* THE TASK:
Reproduce only the lines below from the line containing "- Dự đoán tỷ" to the line containing "Avec Odoo, créer", exactly as written, with both end lines kept. Omit the pictures.

* INFORMATION PROVIDED:
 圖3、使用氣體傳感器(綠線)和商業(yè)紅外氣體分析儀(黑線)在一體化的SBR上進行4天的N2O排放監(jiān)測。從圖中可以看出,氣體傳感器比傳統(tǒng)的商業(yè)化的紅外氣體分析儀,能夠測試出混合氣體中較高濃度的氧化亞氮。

* * *

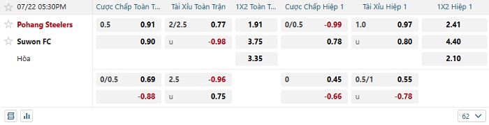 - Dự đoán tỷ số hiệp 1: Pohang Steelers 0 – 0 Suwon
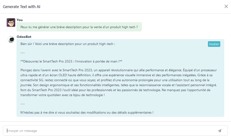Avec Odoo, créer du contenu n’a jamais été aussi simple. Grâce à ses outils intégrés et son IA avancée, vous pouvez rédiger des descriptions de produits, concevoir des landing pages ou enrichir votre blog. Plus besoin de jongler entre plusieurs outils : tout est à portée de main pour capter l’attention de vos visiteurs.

* SOLUTION FOR THIS PROBLEM:
 - Dự đoán tỷ số hiệp 1: Pohang Steelers 0 – 0 Suwon
Avec Odoo, créer du contenu n’a jamais été aussi simple. Grâce à ses outils intégrés et son IA avancée, vous pouvez rédiger des descriptions de produits, concevoir des landing pages ou enrichir votre blog. Plus besoin de jongler entre plusieurs outils : tout est à portée de main pour capter l’attention de vos visiteurs.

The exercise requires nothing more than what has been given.